▶ _TASK INPUTS_:
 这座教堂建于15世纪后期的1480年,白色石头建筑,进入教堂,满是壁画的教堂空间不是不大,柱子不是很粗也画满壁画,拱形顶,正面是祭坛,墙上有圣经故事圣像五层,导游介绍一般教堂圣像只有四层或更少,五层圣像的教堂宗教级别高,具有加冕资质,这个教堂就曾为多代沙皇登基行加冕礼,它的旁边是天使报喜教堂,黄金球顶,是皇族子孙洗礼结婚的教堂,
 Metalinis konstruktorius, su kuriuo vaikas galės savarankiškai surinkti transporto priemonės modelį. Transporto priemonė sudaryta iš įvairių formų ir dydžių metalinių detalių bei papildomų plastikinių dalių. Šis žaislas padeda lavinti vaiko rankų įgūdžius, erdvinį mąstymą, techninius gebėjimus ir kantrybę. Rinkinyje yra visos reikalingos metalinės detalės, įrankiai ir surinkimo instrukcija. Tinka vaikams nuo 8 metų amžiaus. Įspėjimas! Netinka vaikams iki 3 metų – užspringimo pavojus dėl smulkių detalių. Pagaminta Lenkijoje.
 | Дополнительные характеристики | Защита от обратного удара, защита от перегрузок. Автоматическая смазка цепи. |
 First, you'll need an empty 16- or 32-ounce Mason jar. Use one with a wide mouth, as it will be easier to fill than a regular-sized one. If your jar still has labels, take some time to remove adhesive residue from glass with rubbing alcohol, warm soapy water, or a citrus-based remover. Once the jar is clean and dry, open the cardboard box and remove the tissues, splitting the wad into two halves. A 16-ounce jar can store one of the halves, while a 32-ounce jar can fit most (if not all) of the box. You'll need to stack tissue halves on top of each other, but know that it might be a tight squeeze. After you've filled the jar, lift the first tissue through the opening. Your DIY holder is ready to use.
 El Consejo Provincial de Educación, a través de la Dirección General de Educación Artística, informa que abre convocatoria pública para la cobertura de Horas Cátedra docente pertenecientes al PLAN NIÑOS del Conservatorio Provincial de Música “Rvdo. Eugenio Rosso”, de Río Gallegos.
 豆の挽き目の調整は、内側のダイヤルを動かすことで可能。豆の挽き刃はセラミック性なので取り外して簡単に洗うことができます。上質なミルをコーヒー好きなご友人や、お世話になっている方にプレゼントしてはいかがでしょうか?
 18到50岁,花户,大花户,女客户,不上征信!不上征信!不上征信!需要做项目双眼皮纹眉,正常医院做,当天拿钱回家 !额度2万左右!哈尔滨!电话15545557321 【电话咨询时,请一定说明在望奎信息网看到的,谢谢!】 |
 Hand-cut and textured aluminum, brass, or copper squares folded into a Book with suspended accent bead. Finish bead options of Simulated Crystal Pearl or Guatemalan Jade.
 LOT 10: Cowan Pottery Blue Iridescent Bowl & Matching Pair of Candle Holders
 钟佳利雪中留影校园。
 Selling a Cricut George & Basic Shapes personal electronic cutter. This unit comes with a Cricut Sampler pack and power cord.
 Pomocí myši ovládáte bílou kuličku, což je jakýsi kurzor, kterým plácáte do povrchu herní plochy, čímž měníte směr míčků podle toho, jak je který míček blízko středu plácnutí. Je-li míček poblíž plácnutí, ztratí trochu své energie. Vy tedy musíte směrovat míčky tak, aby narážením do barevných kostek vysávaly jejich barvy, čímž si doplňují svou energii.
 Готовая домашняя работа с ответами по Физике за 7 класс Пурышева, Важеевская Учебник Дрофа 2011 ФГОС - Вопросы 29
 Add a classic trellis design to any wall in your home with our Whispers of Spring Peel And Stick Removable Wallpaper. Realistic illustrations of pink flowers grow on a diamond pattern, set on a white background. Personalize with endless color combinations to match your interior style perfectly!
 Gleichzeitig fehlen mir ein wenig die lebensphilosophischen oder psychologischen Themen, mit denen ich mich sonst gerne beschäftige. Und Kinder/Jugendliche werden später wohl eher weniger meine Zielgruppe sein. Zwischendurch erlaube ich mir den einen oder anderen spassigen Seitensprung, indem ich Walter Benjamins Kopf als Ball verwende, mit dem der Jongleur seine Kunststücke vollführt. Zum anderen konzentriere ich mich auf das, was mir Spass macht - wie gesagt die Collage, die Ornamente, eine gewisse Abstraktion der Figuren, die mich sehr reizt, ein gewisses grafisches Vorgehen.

▶ _TASK STATEMENT_: Retype all of the records above, keeping them identical.

▶ _ANSWER FOR THE TASK_:
 这座教堂建于15世纪后期的1480年,白色石头建筑,进入教堂,满是壁画的教堂空间不是不大,柱子不是很粗也画满壁画,拱形顶,正面是祭坛,墙上有圣经故事圣像五层,导游介绍一般教堂圣像只有四层或更少,五层圣像的教堂宗教级别高,具有加冕资质,这个教堂就曾为多代沙皇登基行加冕礼,它的旁边是天使报喜教堂,黄金球顶,是皇族子孙洗礼结婚的教堂,
 Metalinis konstruktorius, su kuriuo vaikas galės savarankiškai surinkti transporto priemonės modelį. Transporto priemonė sudaryta iš įvairių formų ir dydžių metalinių detalių bei papildomų plastikinių dalių. Šis žaislas padeda lavinti vaiko rankų įgūdžius, erdvinį mąstymą, techninius gebėjimus ir kantrybę. Rinkinyje yra visos reikalingos metalinės detalės, įrankiai ir surinkimo instrukcija. Tinka vaikams nuo 8 metų amžiaus. Įspėjimas! Netinka vaikams iki 3 metų – užspringimo pavojus dėl smulkių detalių. Pagaminta Lenkijoje.
 | Дополнительные характеристики | Защита от обратного удара, защита от перегрузок. Автоматическая смазка цепи. |
 First, you'll need an empty 16- or 32-ounce Mason jar. Use one with a wide mouth, as it will be easier to fill than a regular-sized one. If your jar still has labels, take some time to remove adhesive residue from glass with rubbing alcohol, warm soapy water, or a citrus-based remover. Once the jar is clean and dry, open the cardboard box and remove the tissues, splitting the wad into two halves. A 16-ounce jar can store one of the halves, while a 32-ounce jar can fit most (if not all) of the box. You'll need to stack tissue halves on top of each other, but know that it might be a tight squeeze. After you've filled the jar, lift the first tissue through the opening. Your DIY holder is ready to use.
 El Consejo Provincial de Educación, a través de la Dirección General de Educación Artística, informa que abre convocatoria pública para la cobertura de Horas Cátedra docente pertenecientes al PLAN NIÑOS del Conservatorio Provincial de Música “Rvdo. Eugenio Rosso”, de Río Gallegos.
 豆の挽き目の調整は、内側のダイヤルを動かすことで可能。豆の挽き刃はセラミック性なので取り外して簡単に洗うことができます。上質なミルをコーヒー好きなご友人や、お世話になっている方にプレゼントしてはいかがでしょうか?
 18到50岁,花户,大花户,女客户,不上征信!不上征信!不上征信!需要做项目双眼皮纹眉,正常医院做,当天拿钱回家 !额度2万左右!哈尔滨!电话15545557321 【电话咨询时,请一定说明在望奎信息网看到的,谢谢!】 |
 Hand-cut and textured aluminum, brass, or copper squares folded into a Book with suspended accent bead. Finish bead options of Simulated Crystal Pearl or Guatemalan Jade.
 LOT 10: Cowan Pottery Blue Iridescent Bowl & Matching Pair of Candle Holders
 钟佳利雪中留影校园。
 Selling a Cricut George & Basic Shapes personal electronic cutter. This unit comes with a Cricut Sampler pack and power cord.
 Pomocí myši ovládáte bílou kuličku, což je jakýsi kurzor, kterým plácáte do povrchu herní plochy, čímž měníte směr míčků podle toho, jak je který míček blízko středu plácnutí. Je-li míček poblíž plácnutí, ztratí trochu své energie. Vy tedy musíte směrovat míčky tak, aby narážením do barevných kostek vysávaly jejich barvy, čímž si doplňují svou energii.
 Готовая домашняя работа с ответами по Физике за 7 класс Пурышева, Важеевская Учебник Дрофа 2011 ФГОС - Вопросы 29
 Add a classic trellis design to any wall in your home with our Whispers of Spring Peel And Stick Removable Wallpaper. Realistic illustrations of pink flowers grow on a diamond pattern, set on a white background. Personalize with endless color combinations to match your interior style perfectly!
 Gleichzeitig fehlen mir ein wenig die lebensphilosophischen oder psychologischen Themen, mit denen ich mich sonst gerne beschäftige. Und Kinder/Jugendliche werden später wohl eher weniger meine Zielgruppe sein. Zwischendurch erlaube ich mir den einen oder anderen spassigen Seitensprung, indem ich Walter Benjamins Kopf als Ball verwende, mit dem der Jongleur seine Kunststücke vollführt. Zum anderen konzentriere ich mich auf das, was mir Spass macht - wie gesagt die Collage, die Ornamente, eine gewisse Abstraktion der Figuren, die mich sehr reizt, ein gewisses grafisches Vorgehen.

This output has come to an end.